First the Instruction and data TLB caches are invalidated using the INVLPG instruction. This cleans out the TLB entry for the code page. The page table entry is then made ring 3 accessible (user bit set). A private mapping to the physical page is created, i.e. another virtual page which maps to the same physical page is created. This private mapping is used to write a RET instruction to the code page. This RET is called using the normal mapping. It immediately causes a return to the next instruction after the call, and at the same time has also loaded the instruction TLB with an entry corresponding the normal mapping, which is user mode accessible. The private mapping is used to replace the RET with the original contents. Since we have used the private mapping for inserting/removing the RET, there is no entry in the data TLB corresponding to the normal mapping, only the private mapping is cached (in the data TLB). The page table entry now has its user/supervisor bit cleared (ring 3 not accessible). Now control is transferred to the level 3 code.

Code can continue to be fetched and executed from the page, as the TLB entry is marked as ring 3 accessible, and has not been updated yet (NOTE: it is the responsibility of the system programmer to maintain coherency, and the TLB will not be updated automatically when the PTE is updated). However, when there is an attempt to read/write from the page, there is no corresponding entry in the data TLB. Hence the access will refer to the PTE which has the U/S bit cleared. As a result, the access will cause a page fault. This will enable the VMM to detect self modifying/reading code and take appropriate action.

At any moment, the instruction TLB entry for the page may be removed by the processor (as per the TLB caching techniques involved). In this case, if there is an attempt to execute code from the page, page fault will occur which will trap to the VMM. The VMM can then repeat the above procedure.
The above schemes are only a general approach to dynamic recompiling. Implementation details may vary widely from the aforementioned schemes depending on the virtualization solution being used. For example, VMware provides direct execution for ring 2, 3 code and invokes the binary translation unit for PL 0, 1 code [5].

3.1 Other issues involved in dynamic recompilation techniques
Guest descriptor tables and non-reversible segmentation – the VMM saves the state of the host and VM descriptor tables, and switches from one to the other on transitions.
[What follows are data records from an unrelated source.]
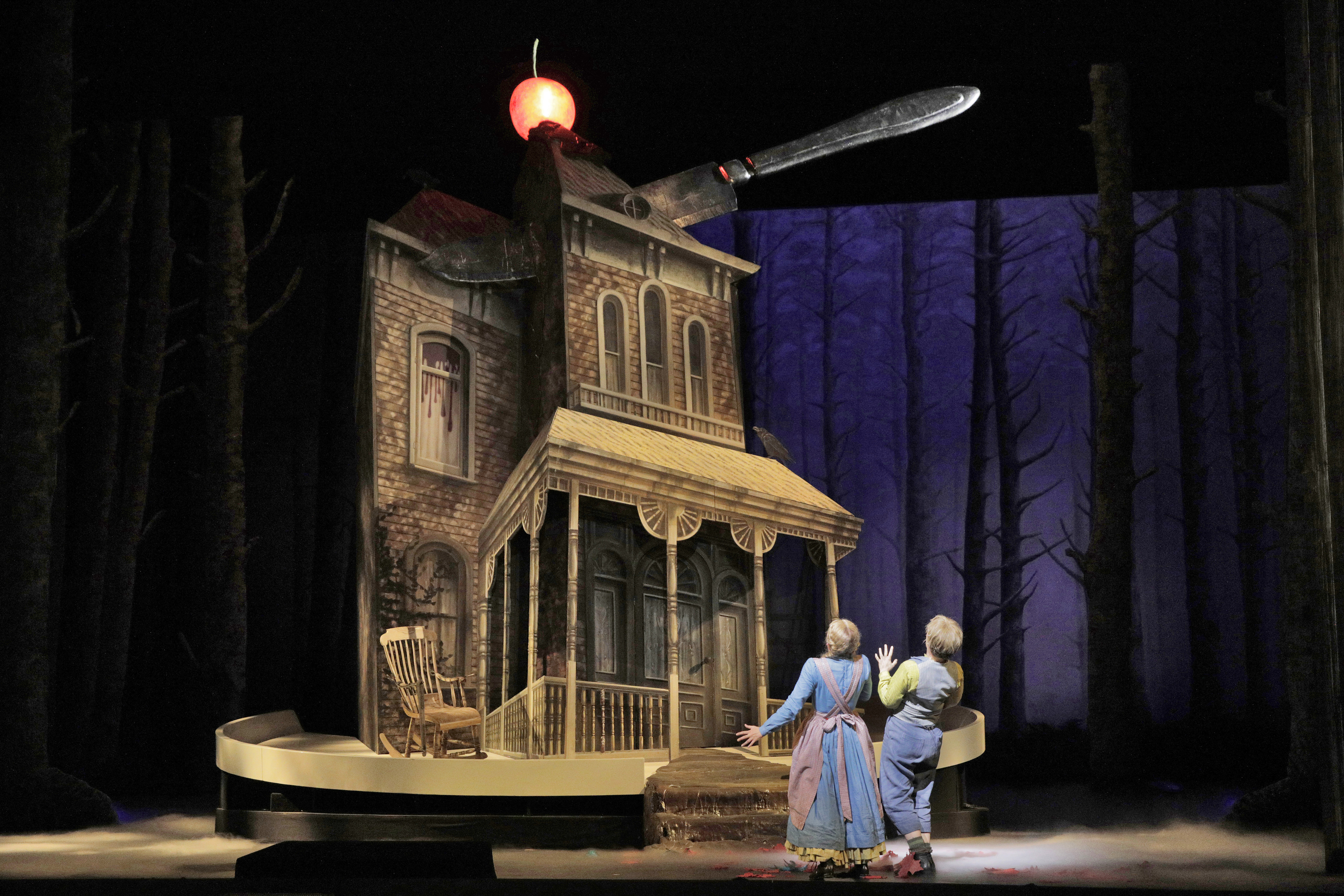 This creepy set is inspired by Alfred Hitchcock, and this works surprisingly well — the darkness of the original folk tale comes through. All the set changes are smooth, there were only a few awkward loud sounds against the floor in the forest scene of Act II.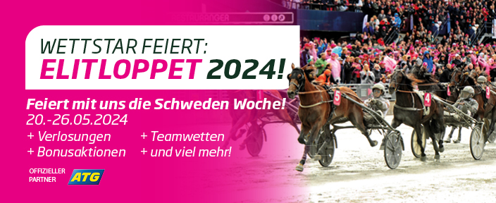 Auch in diesem Jahr feiert WETTSTAR, der bedeutendste Vermittler von Pferdewetten im deutschen Pferdesport, den Elitloppet und wartet mit der großen Schweden-Woche auf - vom Montag, 20. Mai, bis Sonntag, 26. Mai 2024.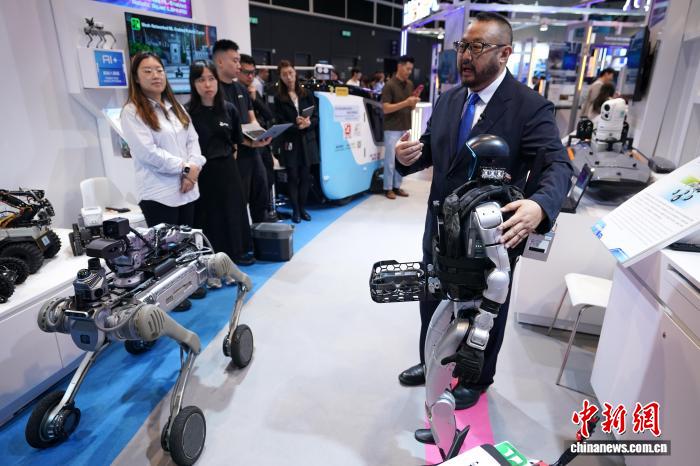 图为香港特区政府环境保护署的工作人员(右)介绍已开发应用的环境监测机器人。中新网记者 张祥毅 摄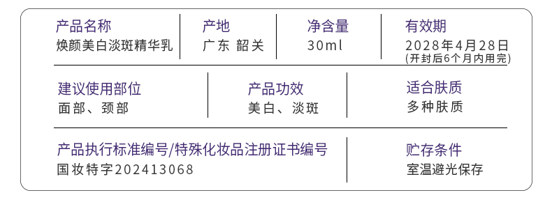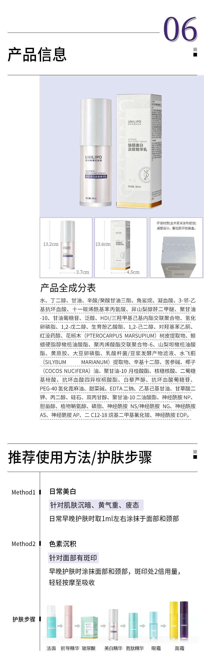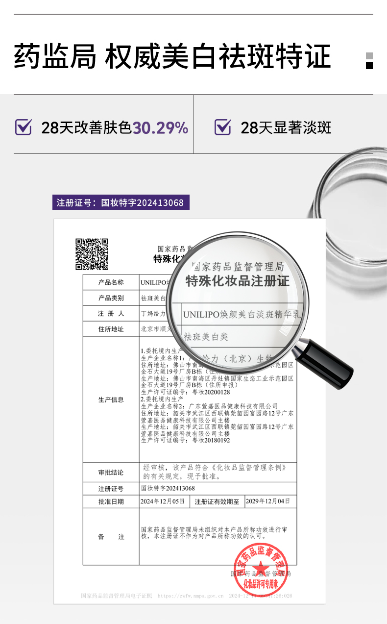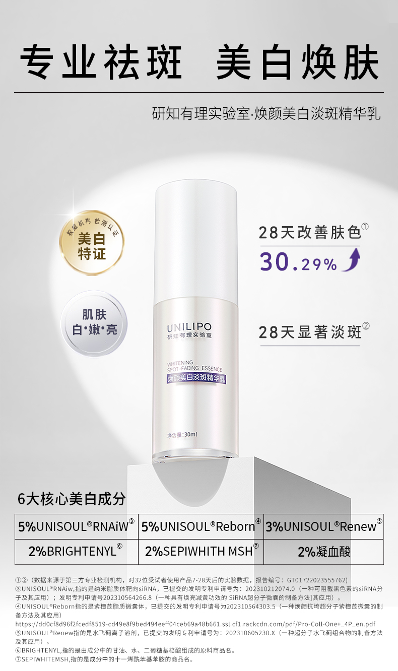 【美白特证】 UNILIPO研知有理 紫檀芪焕颜精华乳 祛斑抗皱
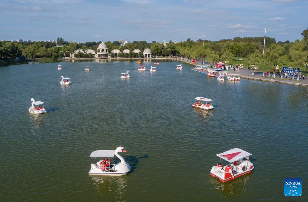 An aerial drone photo taken on Aug. 20, 2024 shows people taking boats at Sun Island scenic spot in the Taiyangdao (Sun Island) National Wetland Park in Harbin, northeast China's Heilongjiang Province. The Taiyangdao National Wetland Park in Harbin, northeast China's Heilongjiang Province covers a total area of more than 10,000 hectares, of which more than 70% are wetlands. With its beautiful ecological environment, the park has become a good place for citizens and tourists to visit. (Xinhua/Wang Jianwei)
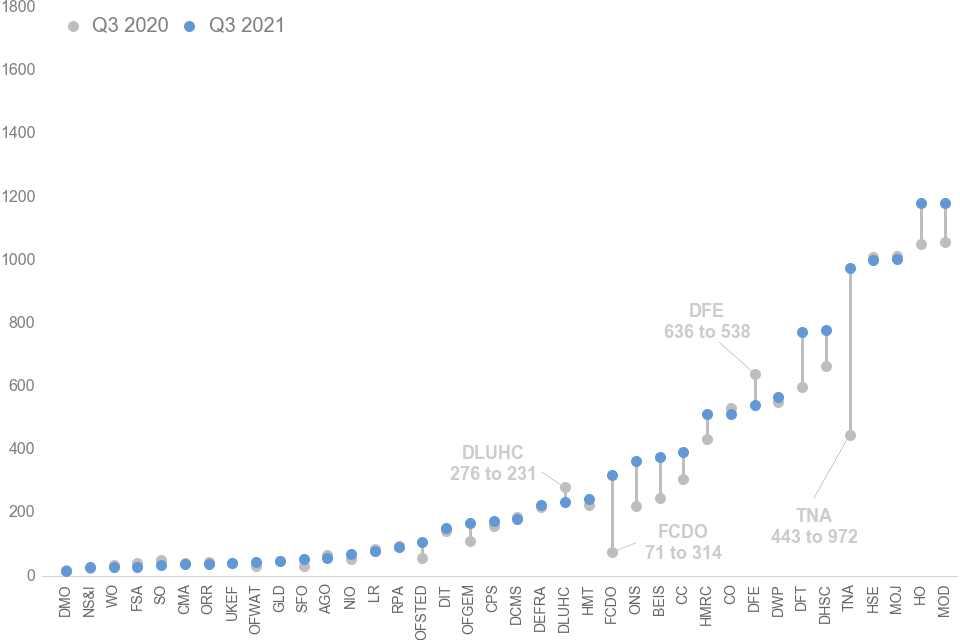 Chart comparing volume of FOI requests received by body in Q3 2020 to Q3 2021

An interrupt descriptor table must also be created to handle exceptions generated which cause transition from the guest to the VMM and also the native guest interrupts. Also we have to handle descriptor loading. The guest system code (which normally runs in rings 0..2) is run in ring 3 and hence attempts to load descriptors having DPL 0..2 which would normally succeed, will fail (general protection fault). To handle this, instructions that load segment registers or examine their contents must be virtualized.
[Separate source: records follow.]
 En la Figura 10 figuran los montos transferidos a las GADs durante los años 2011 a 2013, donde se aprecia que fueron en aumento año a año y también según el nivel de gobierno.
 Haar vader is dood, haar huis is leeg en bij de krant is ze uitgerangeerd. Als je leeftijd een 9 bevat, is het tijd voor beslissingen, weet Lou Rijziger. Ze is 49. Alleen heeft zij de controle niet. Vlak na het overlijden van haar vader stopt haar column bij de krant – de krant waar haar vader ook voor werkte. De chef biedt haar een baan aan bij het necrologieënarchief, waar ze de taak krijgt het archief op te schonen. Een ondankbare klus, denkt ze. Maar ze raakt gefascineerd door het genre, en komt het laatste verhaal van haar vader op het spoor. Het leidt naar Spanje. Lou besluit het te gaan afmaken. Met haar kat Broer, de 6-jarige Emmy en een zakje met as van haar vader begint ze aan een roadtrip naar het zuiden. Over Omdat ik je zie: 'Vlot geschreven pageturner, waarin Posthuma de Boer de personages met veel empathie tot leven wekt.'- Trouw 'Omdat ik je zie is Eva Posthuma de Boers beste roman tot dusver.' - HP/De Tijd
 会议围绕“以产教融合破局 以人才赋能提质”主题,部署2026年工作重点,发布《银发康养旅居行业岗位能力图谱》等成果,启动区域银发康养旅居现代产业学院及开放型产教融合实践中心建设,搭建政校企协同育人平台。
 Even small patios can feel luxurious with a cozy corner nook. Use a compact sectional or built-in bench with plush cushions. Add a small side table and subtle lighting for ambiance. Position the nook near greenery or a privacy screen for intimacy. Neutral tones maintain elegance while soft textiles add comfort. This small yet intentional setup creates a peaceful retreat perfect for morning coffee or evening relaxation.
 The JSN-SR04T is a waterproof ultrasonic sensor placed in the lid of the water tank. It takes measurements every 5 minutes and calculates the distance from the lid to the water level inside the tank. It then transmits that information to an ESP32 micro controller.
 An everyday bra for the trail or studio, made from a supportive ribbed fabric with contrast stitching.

Guest descriptor tables cannot be used directly in any case. This could allow the VM to take over the machine. So, the VMM maintains a shadow copy of the VM descriptor tables, and these tables are stored and restored during every switch rather than the actual VM (guest) tables. In effect, the shadow tables are the real tables. There is also a segment tracing module that monitors the VM descriptor tables and maintains coherency between the VM and shadow descriptor tables.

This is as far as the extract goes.